Ничто не имело значения.
Бриджит не пыталась со мной разговаривать или кормить банальностями. Это только усугубило бы ситуацию. Вместо этого она позволила мне сидеть в тишине и смотреть в окно, наблюдая, как мимо пролетают мертвое дерево за мертвым деревом. Я не могла вспомнить, почему мне нравилась зима. Все выглядело тусклым и серым. Безжизненным.
Мы доехали до границы штата Мэриленд. Там начался дождь, крошечные капли посыпались на окно, как россыпь кристаллов. Я вспомнила тот день, когда Алекс подобрал меня, когда я застряла под дождем, и я… сломалась.
Все мои сдерживаемые эмоции за последние несколько часов, последние несколько месяцев, вырвались наружу одновременно.
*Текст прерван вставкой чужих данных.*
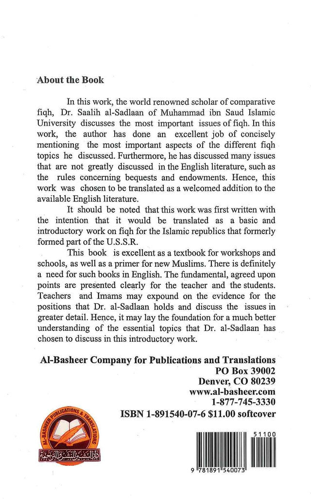Fiqh Made Easy by Dr. Saalih ibn Ghaanim al-Sadlaan is a clear, concise, and accessible guide to the most important issues of Islamic jurisprudence (fiqh). Drawing from comparative fiqh, the author explains key topics such as purity, prayer, fasting, zakah, and pilgrimage in the first part, then moves to interpersonal transactions like buying, leasing, bequests, and endowments. He also addresses family law, including marriage and women’s issues.
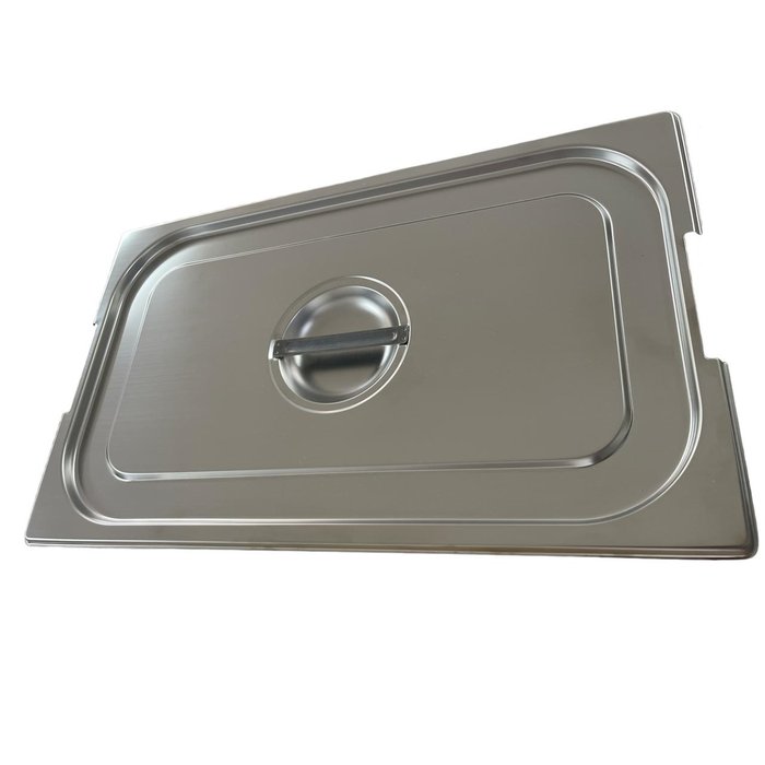 A Tampa para Cuba 1/1 Platinox em Aço Inox com Recorte para Alças é a escolha ideal para manter as suas refeições quentes e deliciosas durante o serviço do seu buffet matinal. Este utensílio foi meticulosamente construído em aço inoxidável, garantindo uma vida útil prolongada e apresentando um design que se encaixa perfeitamente em recipientes com alças, oferecendo praticidade adicional.
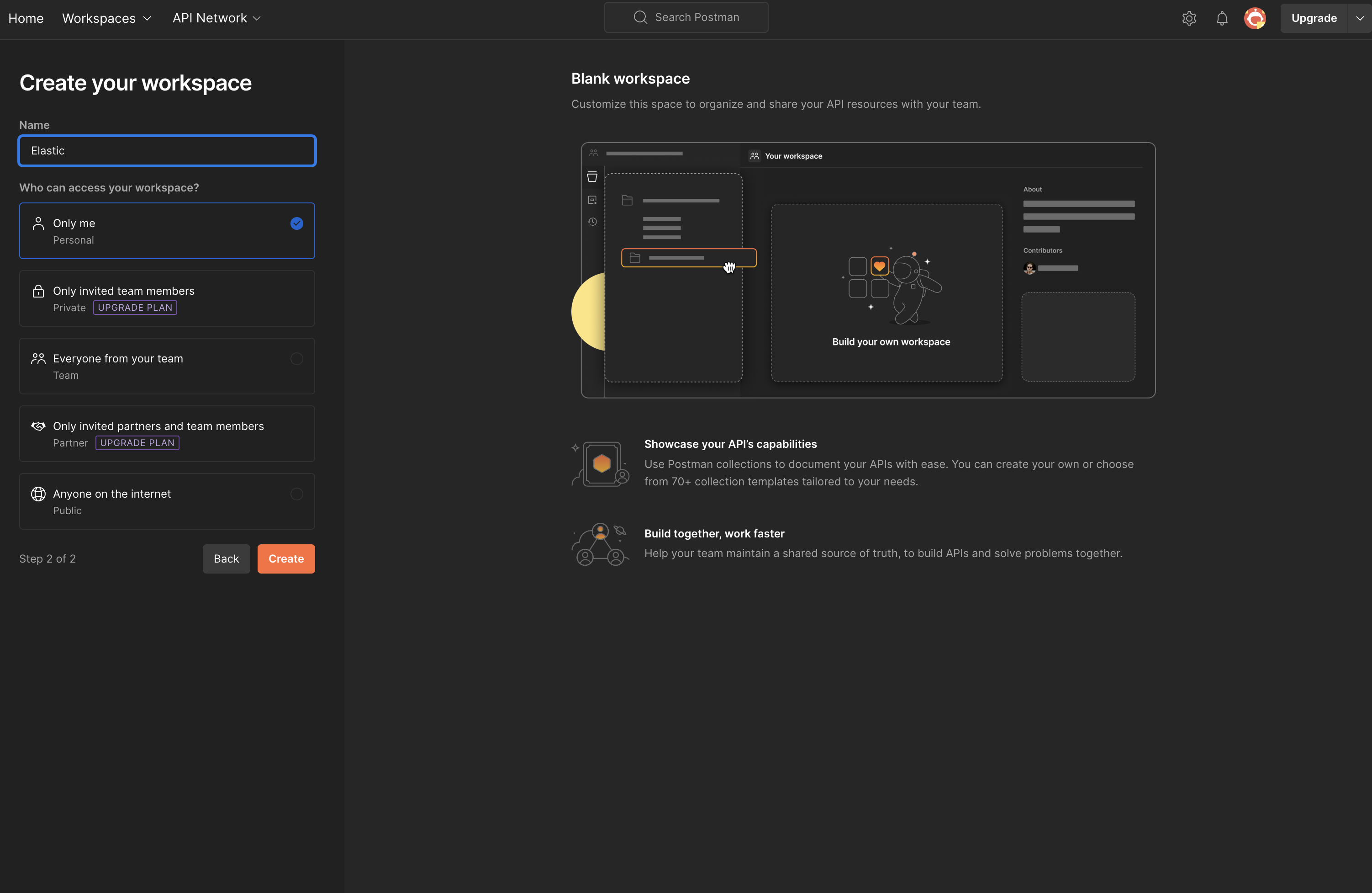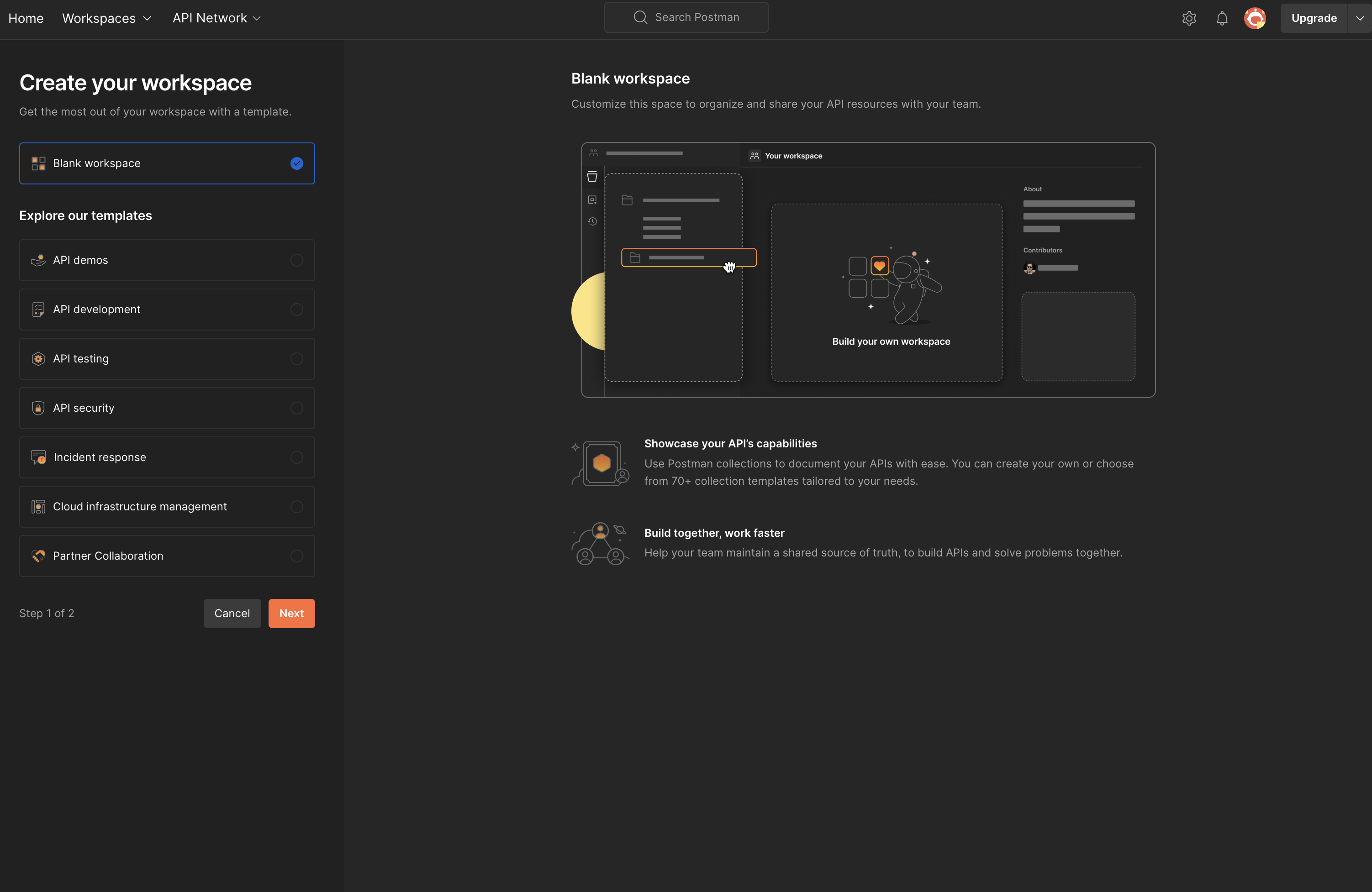 워크스페이스를 생성해줍니다. 템플릿을 추가하면 더 쉽게 사용할 수 있지만 저는 blank로 생성 했습니다.

Я была муравьем, которого захлестнула приливная волна, и я не пытался бороться. Я позволила ей захлестнуть меня — обида, гнев, боль в сердце, предательство и печаль — пока мои глаза не загорелись, а мышцы не заболели от рыданий.
Каким-то образом я оказалась свернувшейся калачиком на коленях Бриджит, пока она гладила мои волосы и бормотала успокаивающие слова. Это было ужасно неловко — плакать на коленях у принцессы, но меня это не волновало.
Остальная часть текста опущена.